◆ What the task requires
An exact copy of the records below is required, and it must contain no pictures.

◆ Exercise materials
# # # # #
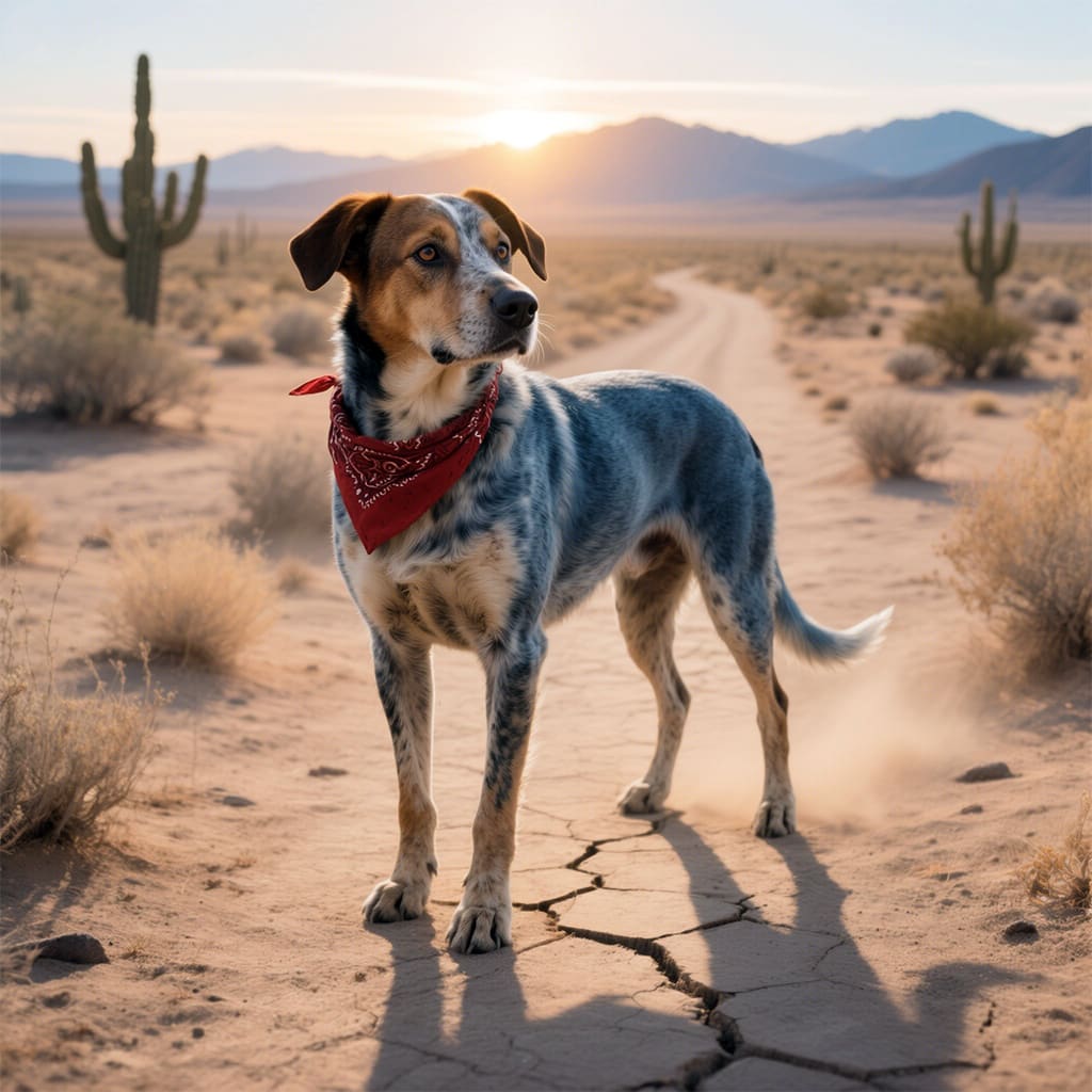 The Mojave Desert stretched endlessly beneath a scorching sun, its golden dunes shimmering like waves in the heat. Dust devils danced across the sand, and the silence was broken only by the whisper of the wind and the occasional cry of a distant hawk. In this harsh, unforgiving place, a lone dog walked—his coat matted, his tongue hanging dry from thirst, but his eyes sharp with purpose.
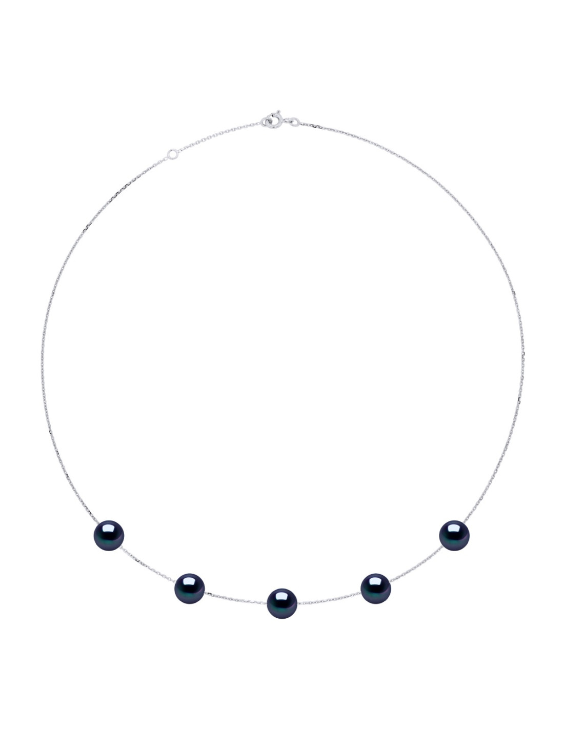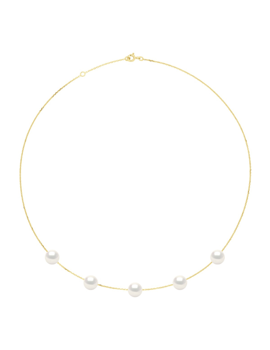 Collier 5 Perles de Culture d'Eau Douce Rondes - Chaîne Forçat Diamantée Grand Modèle Or 375 Millièmes
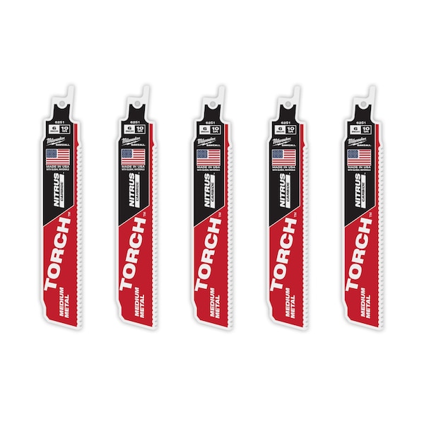The MILWAUKEE® TORCHTM with NITRUS CARBIDETM for Conduit, Strut, and other medium-thickness metals delivers the fastest cutting, and longest life with a breakthrough Carbide Technology. These NITRUS CARBIDETM reciprocating saw blades are engineered to dissipate heat better than any other demolition blade for faster cutting. The TORCHTM with NITRUS CARBIDETM for Medium metals delivers 2x life versus carbide teeth blades in rigid metal conduit. This 10TPI SAWZALL® blade is ideal for smooth, fast cuts and enhanced durability in conduit, strut, angle iron, and Stainless Steel.
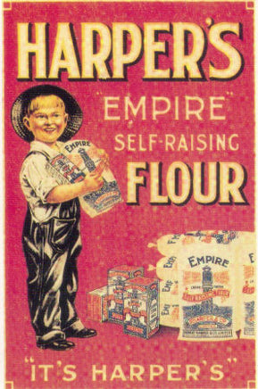 This advertising poster is for Harper's Empire Self-Raising Flour. It features a very sweet picture of a child holding on to a packet of flour and would make a delightfully rustic piece of decor for the home or office.
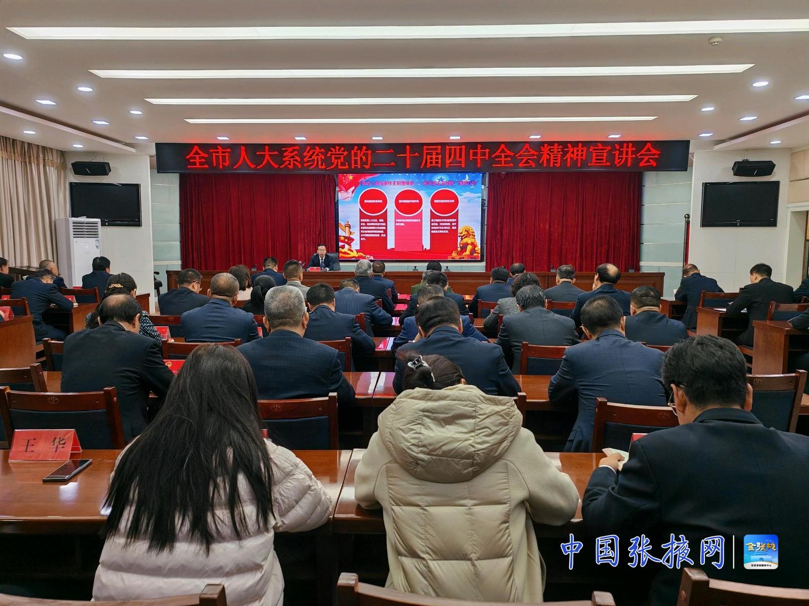 中国张掖网讯 11月18日,张掖市人大常委会党组书记、主任张文生在人大系统宣讲党的二十届四中全会精神。市人大常委会组成人员、市人大各专委会组成人员、部分市人大代表、各县区人大主要负责同志及市人大机关全体干部参加宣讲会议。
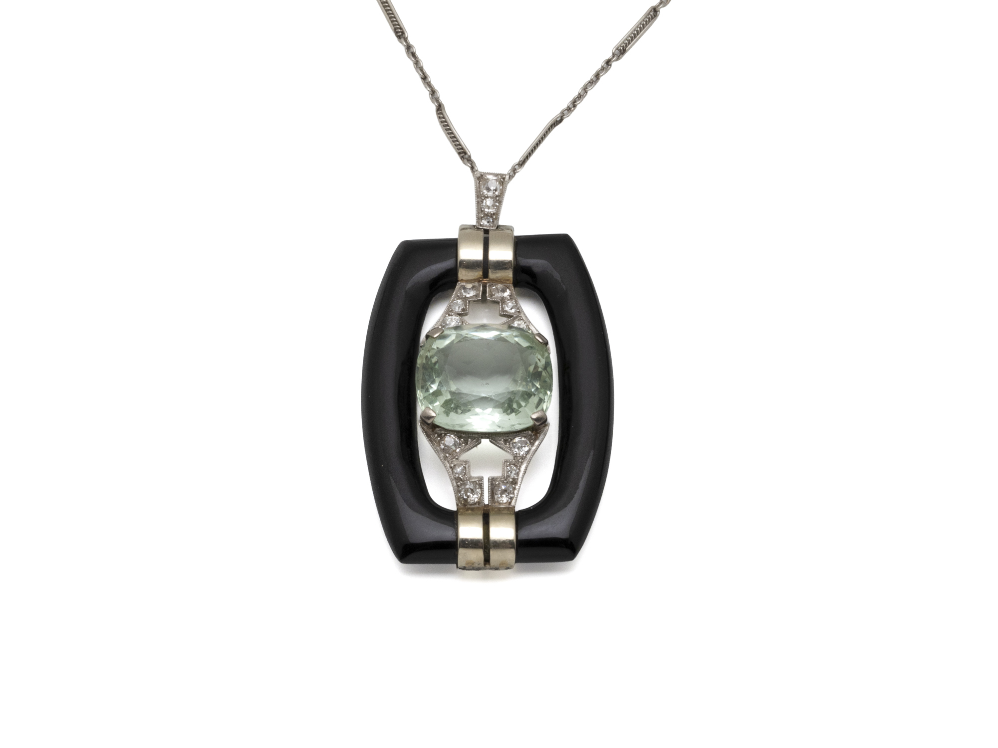 Lot n°74NV1070Pendentif en or gris 585 et platine 850 millièmes, de forme tonneau, centré d'une aigue-marine taille coussin facettée en serti griffe posée sur un décor géométrique rehaussé de diamants taille ancienne, entouré d'un motif en pâte de verre imitant l'onyx. La bélière diamantée. Il est retenu par une chaîne en or gris 750 millièmes, composée de petits bâtonnets à décor torsadé, alternés de brins maille forçat, avec fermoir anneau ressort. Vers 1930. (petites usures à la chaîne)
# # # # #
◆ Your response
 The Mojave Desert stretched endlessly beneath a scorching sun, its golden dunes shimmering like waves in the heat. Dust devils danced across the sand, and the silence was broken only by the whisper of the wind and the occasional cry of a distant hawk. In this harsh, unforgiving place, a lone dog walked—his coat matted, his tongue hanging dry from thirst, but his eyes sharp with purpose.
 Collier 5 Perles de Culture d'Eau Douce Rondes - Chaîne Forçat Diamantée Grand Modèle Or 375 Millièmes
The MILWAUKEE® TORCHTM with NITRUS CARBIDETM for Conduit, Strut, and other medium-thickness metals delivers the fastest cutting, and longest life with a breakthrough Carbide Technology. These NITRUS CARBIDETM reciprocating saw blades are engineered to dissipate heat better than any other demolition blade for faster cutting. The TORCHTM with NITRUS CARBIDETM for Medium metals delivers 2x life versus carbide teeth blades in rigid metal conduit. This 10TPI SAWZALL® blade is ideal for smooth, fast cuts and enhanced durability in conduit, strut, angle iron, and Stainless Steel.
 This advertising poster is for Harper's Empire Self-Raising Flour. It features a very sweet picture of a child holding on to a packet of flour and would make a delightfully rustic piece of decor for the home or office.
 中国张掖网讯 11月18日,张掖市人大常委会党组书记、主任张文生在人大系统宣讲党的二十届四中全会精神。市人大常委会组成人员、市人大各专委会组成人员、部分市人大代表、各县区人大主要负责同志及市人大机关全体干部参加宣讲会议。
 Lot n°74NV1070Pendentif en or gris 585 et platine 850 millièmes, de forme tonneau, centré d'une aigue-marine taille coussin facettée en serti griffe posée sur un décor géométrique rehaussé de diamants taille ancienne, entouré d'un motif en pâte de verre imitant l'onyx. La bélière diamantée. Il est retenu par une chaîne en or gris 750 millièmes, composée de petits bâtonnets à décor torsadé, alternés de brins maille forçat, avec fermoir anneau ressort. Vers 1930. (petites usures à la chaîne)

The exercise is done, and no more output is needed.